A therapist questioning whether you really are homosexual, or encouraging you to find routes to dealing with the supposed trauma which turned you homosexual, processing it and thus achieving heterosexuality is attempting to change your sexual orientation (with/without your consent). But I'm not sure that a person who claims an opposite sex gender identity is necessarily being challenged to change that through talking therapy. They (I assume, pure conjecture as I have no idea what happens in non-affirmation talking therapy sessions) might be invited to accept their sex, to find out if there are other reasons for feeling that it's wrong. On the surface, that last part sounds similar to gay conversion therapy, but the person claiming a trans identity doesn't have to renounce it for the therapy to be successful. I'm thinking here of some old school transsexuals and some younger people who would call themselves "trans". They accept their sex has not changed, that many others will not see them as the sex they would like to be - all the while still retaining the feeling of being different to others of their sex. The aim of talking therapy is to help the patient live with their feelings and not do unnecessary harm to themselves.
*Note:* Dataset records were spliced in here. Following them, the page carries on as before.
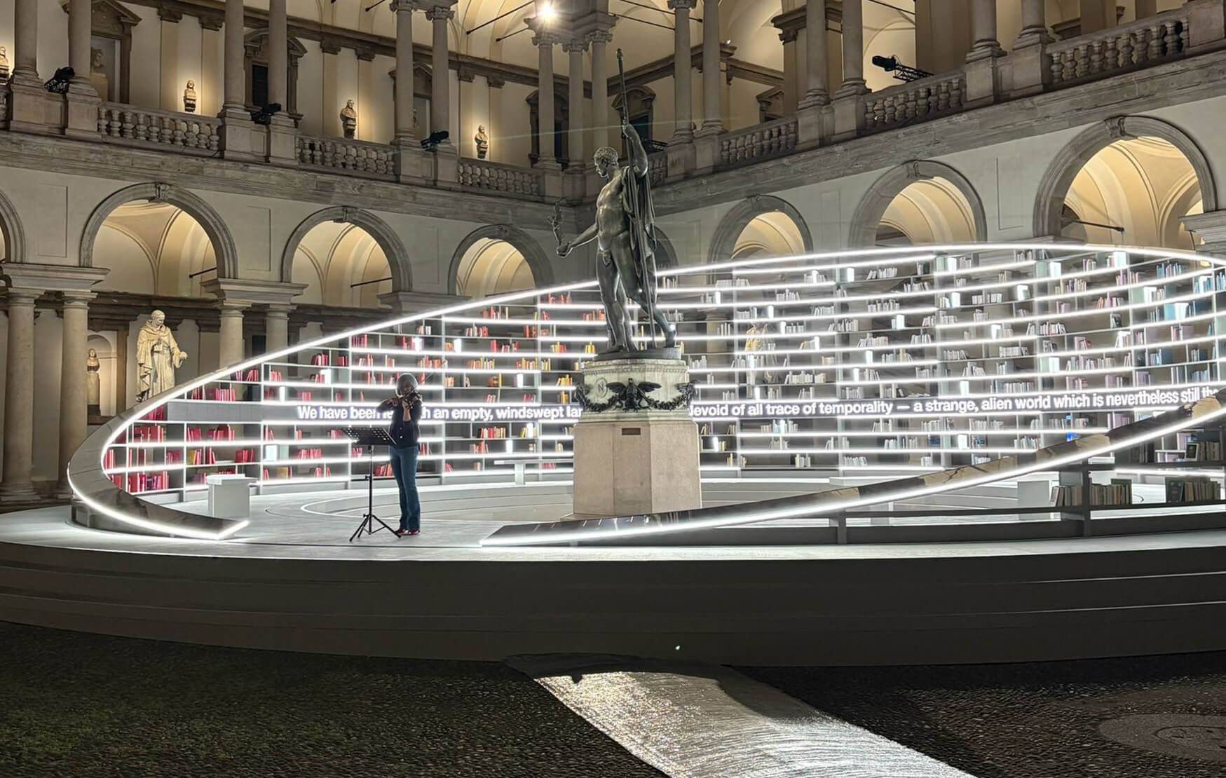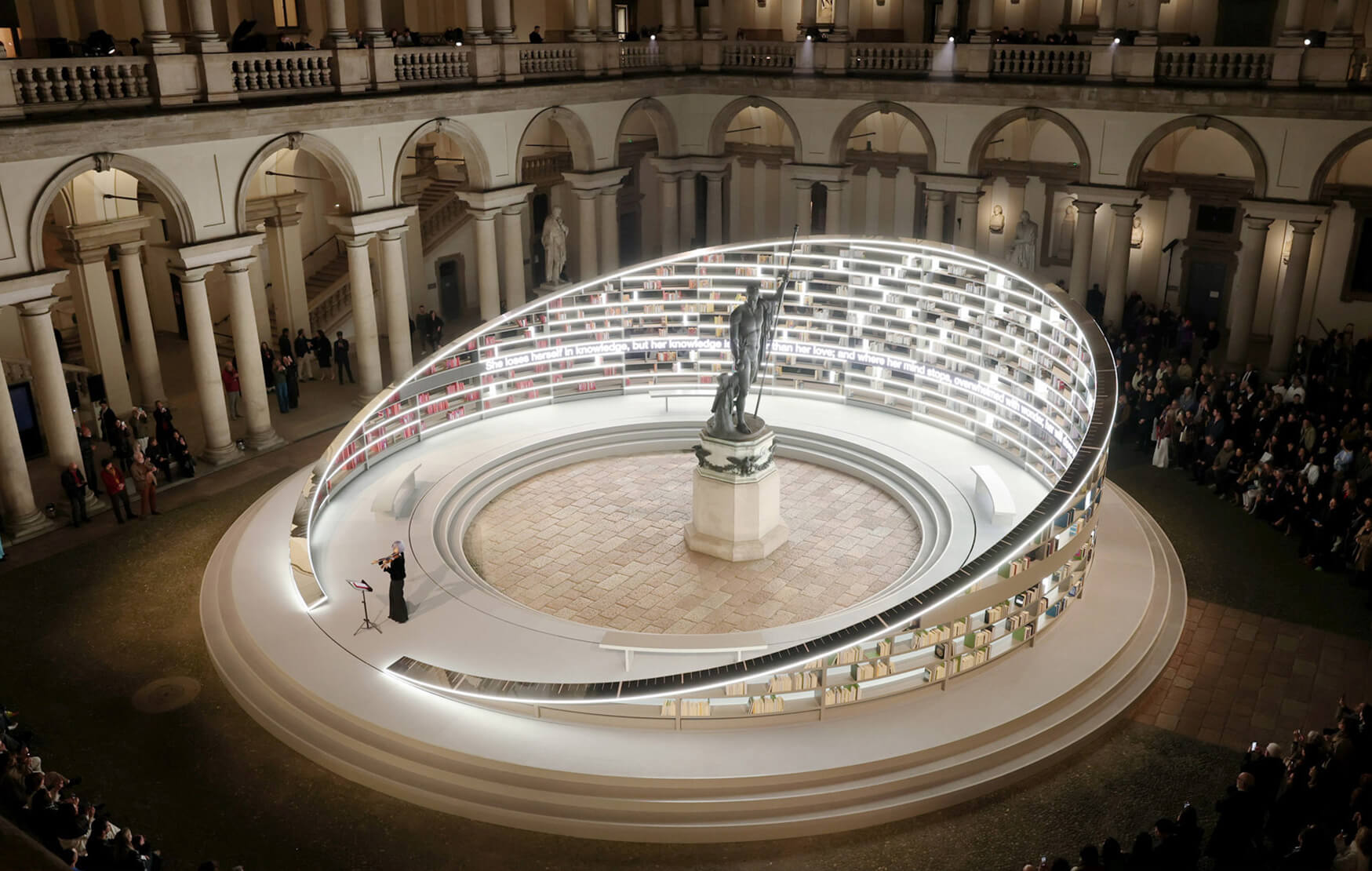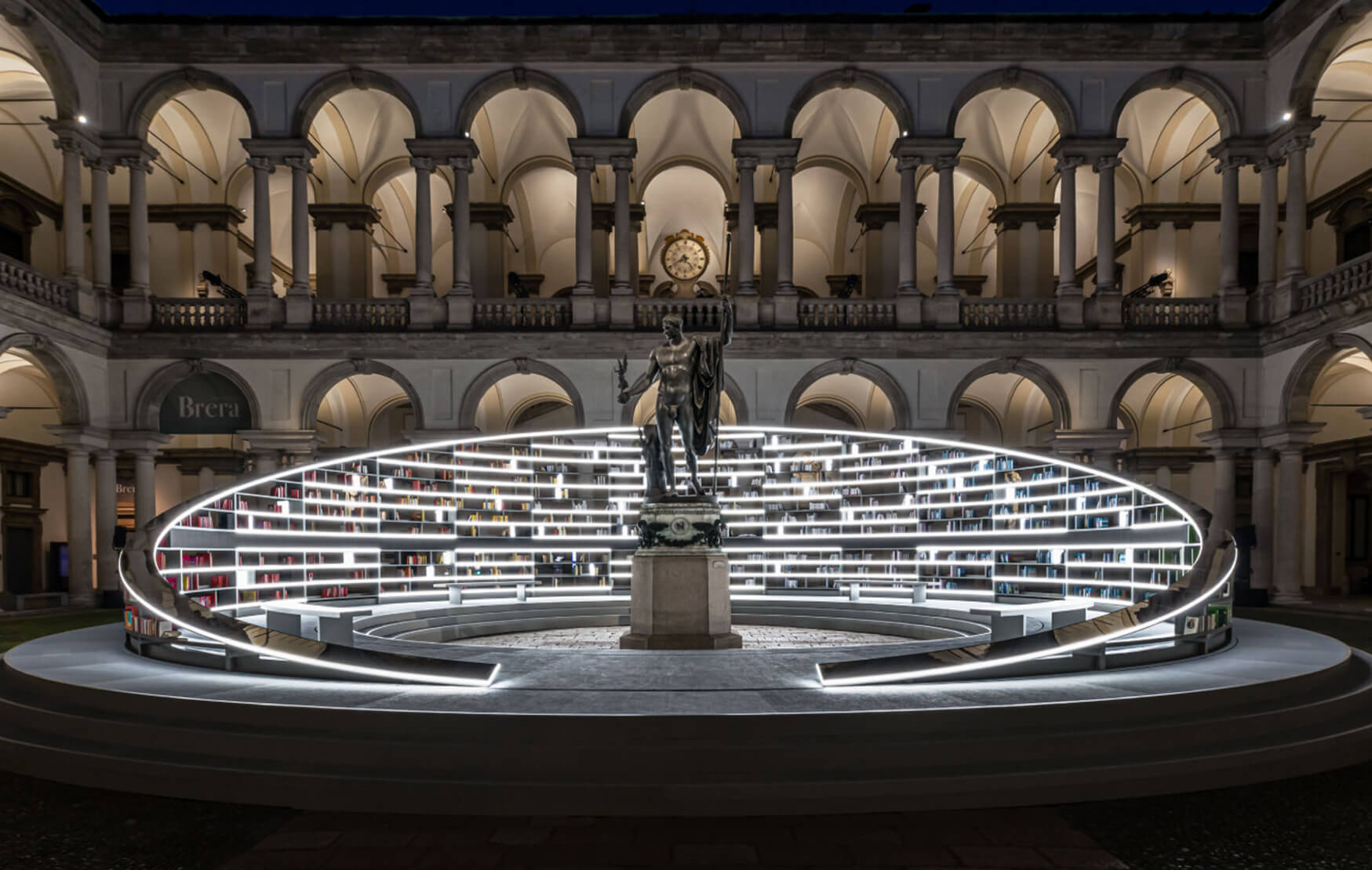 Library of light trova spazio al centro del Cortile d'Onore del XVII secolo, che collega la Pinacoteca di Brera, la Biblioteca Nazionale Braidense e l'Accademia di Belle Arti. É una straordinaria scultura, un "Faro di Sapere" dalla forma circolare (diametro di 18m), formata da scaffali luminosi contenenti oltre 2000 volumi.
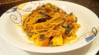 シーフードパスタなのですが、イカ、タコ、ホタテ、エビ、
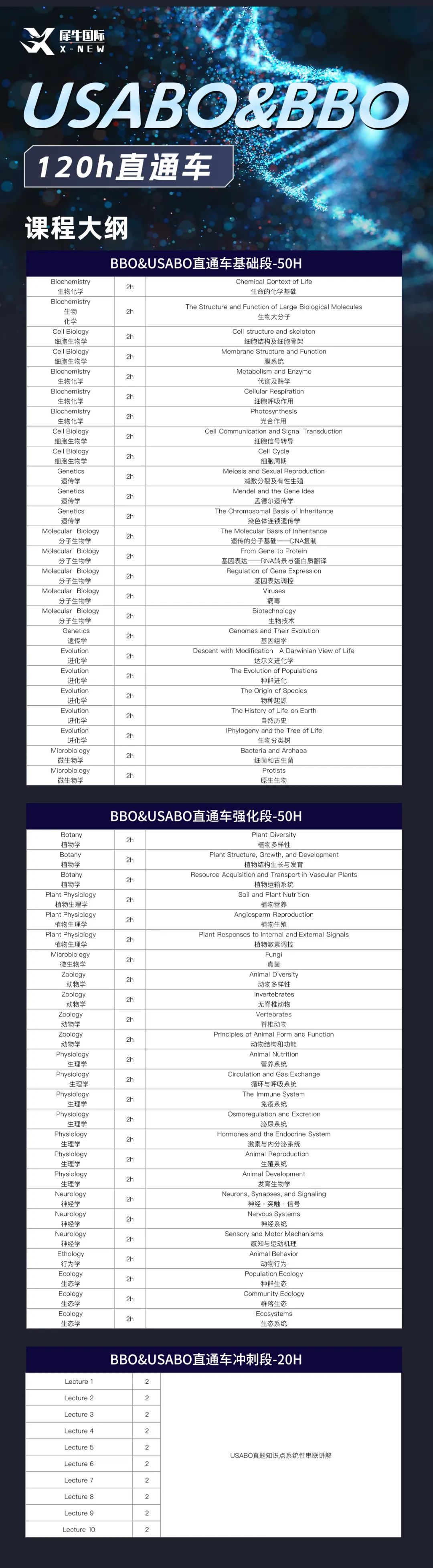 犀牛教育开设了生物竞赛直通车,涵盖BBO竞赛和USABO竞赛的所有考点,包含基础、强化、冲刺三个备考阶段,不同基础可选择不同的班级。
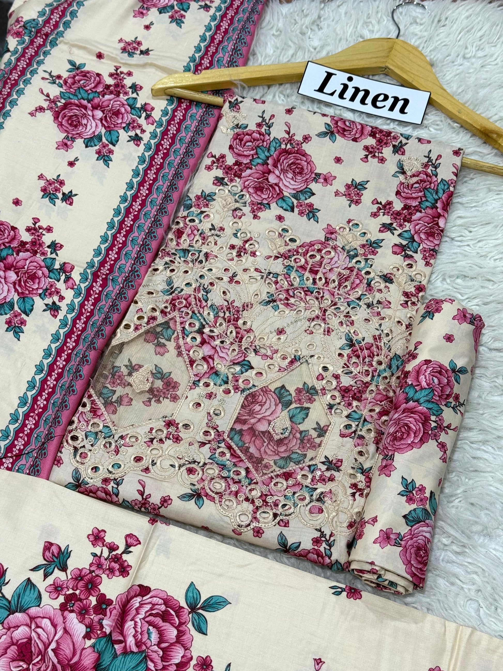 LINEN Printed Shirt with CHIKANKARI/LASERKARI Embroidered Daman

ResisterRex · 01/02/2024 13:10

The ‘journalist’ was acting in bad faith, though, by her own admission

Quite. And why is it labelled "first person"? It isn't. She pretended to be in need of counselling. She even characterises what she did as going undercover. It's misleading. I wonder if this is worthy of a complaint to the regulator, in fact.

PriOn1 · 01/02/2024 13:46

Not only did the “journalist” go in with bad faith, she didn’t even allow the therapist to explore the sexual abuse she had experienced and whether that might have contributed to her sexuality. It’s not impossible that trauma might play a part in who we find attractive in some cases. She lied, thus rendering the whole process pointless.

If she actually wanted to explore her sexuality and the therapist was indeed open to the end result being that the patient concluded they wanted to continue in same sex relationships (she apparently said this) then what we are being told is the story of someone going into an encounter with a completely set mind over the outcome, who was looking to find fault.

It’s not journalism. A real journalist would have gone in, perhaps with an idea, but also with an open mind. This was simply an exercise in anti-conversion therapy activism. The fact that she found it so unsettling suggests she does still have some underlying problems that she is unwilling to address. Maybe dredging it up really wouldn’t be helpful, but the whole “experiment” was a pointless waste of everyone’s time.